Access to information is not an issue in our digital world anymore. We rely on the internet to find whatever data we need to solve our everyday problems, and we also count on the knowledge held by our digital interpersonal connections.
As a result, instead of memorizing and retaining information, we store it online, where we can easily and quickly access it.
Researchers at UC Santa Cruz and the University of Illinois think that the easy access to information via the Internet is changing our ability to learn, recall, and solve problems using our brains.
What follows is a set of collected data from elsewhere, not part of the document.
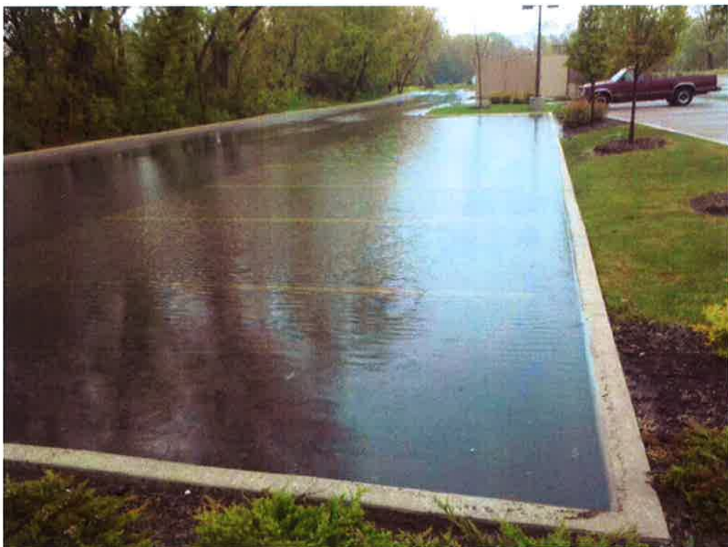
Taken standing on northeast porous pavement parking area looking east.
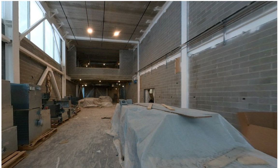
Zone C – Photo looking south through Construction program shop.
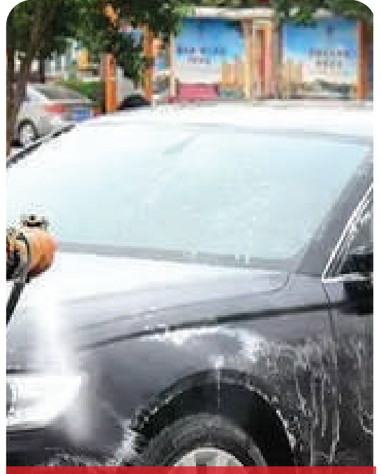
Household car washing
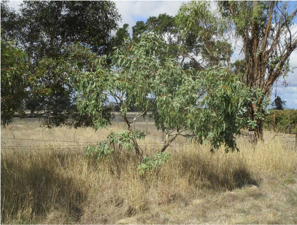
Plate 10-19: Scattered tree 26 (was S_19)(centre)
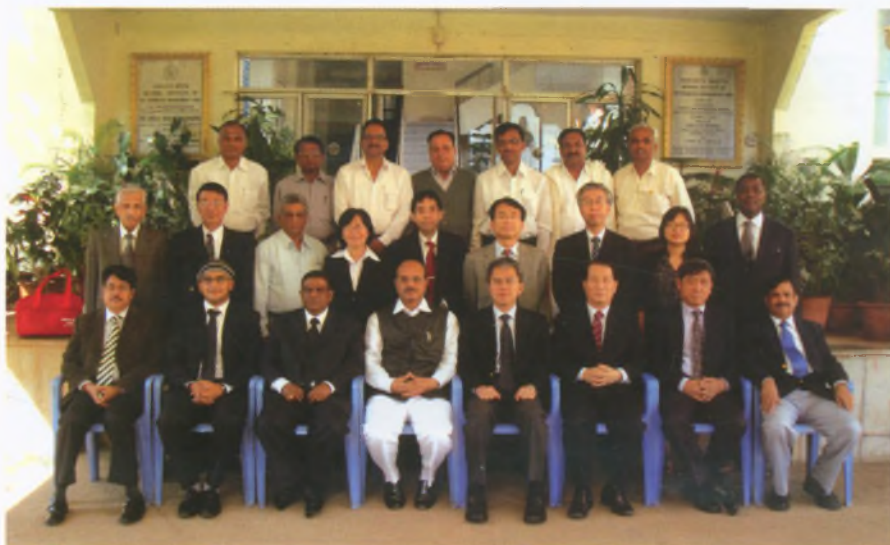
Group photo of the members of ICA-AP Consumer Committee and the delegates of the seminar

The 43rd meeting of ICA Committee on Consumer Cooperatives for Asia-Pacific was held on 9th December 2009 at Vaikunth Mehta National Institute of Cooperative Management (VAMNICOM), Pune, India. 28 participants from Japan, India, Korea, Myanmar, Singapore, Sri Lanka and Vietnam, attended the meeting. The meeting was hosted by the National Consumer Cooperative Federation of India (NCCF).
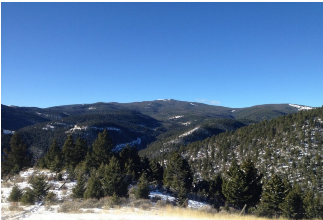
Figure 22. Looking towards Crow and Elkhorn Peaks from the southeast
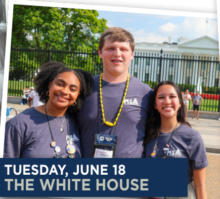
TUESDAY, JUNE 18 THE WHITE HOUSE
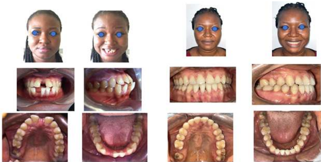
Figure 13: Treatment outcome comparison
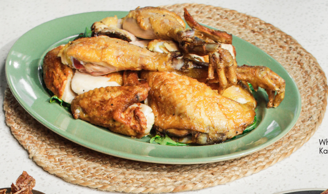
Whole Roasted Santori Kampung Chicken
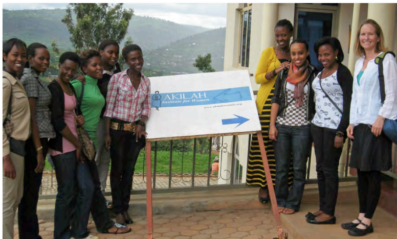
AI Entrepreneurship Students, May 2013
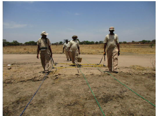
Battle Area Clearance
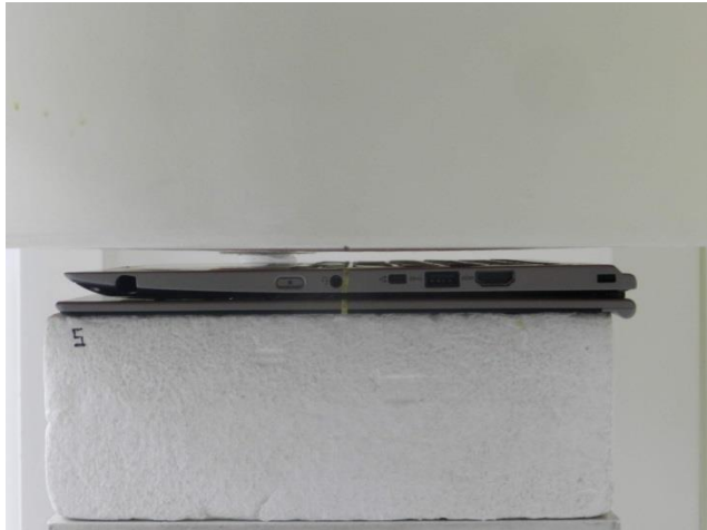
Bottom Face, Test Separation 10 mm

The more we rely on the Internet for one type of information, they add, the more we are likely to continue using technology to gather new information in the future.
Many people (consciously or subconsciously)believe that finding answers to common questions is much quicker when using the internet than using memory, which is exactly why we are becoming more dependent on technology to collect information, to store it, and retrieve it.
So how exactly is the Internet affecting the way we learn?
The internet has become our external hard drive so that we don't need to remember information-- we just look for it online. This can be illustrated by a study done by Science Magazine, where students were asked to type in pieces of trivia. Depending on their group, they were told that their information would either be erased or saved. The group that was told their data would be saved were less likely to remember. This study indicates that people have lower rates of recall when they can expect to be able to access information in the future.
The internet is impacting our focus, as we hardly give tasks our full attention anymore. As a result of multitasking and multi-screening, in order to be considered relevant by our brain, all learning experiences and communication need to be objective, practical, and impactful.
Children are learning differently, since "rote memorization is no longer a necessary part of education" according to ReadWrite. In order to have the knowledge and the skills to succeed in a fast-changing world, people need to develop the ability to navigate the sea of information and find what they need to solve real problems, instead of memorizing it.
With so much information within reach, our main challenge is to get better at determining what's relevant and reliable from what's not, and with practice, our brains are getting better at this task every day.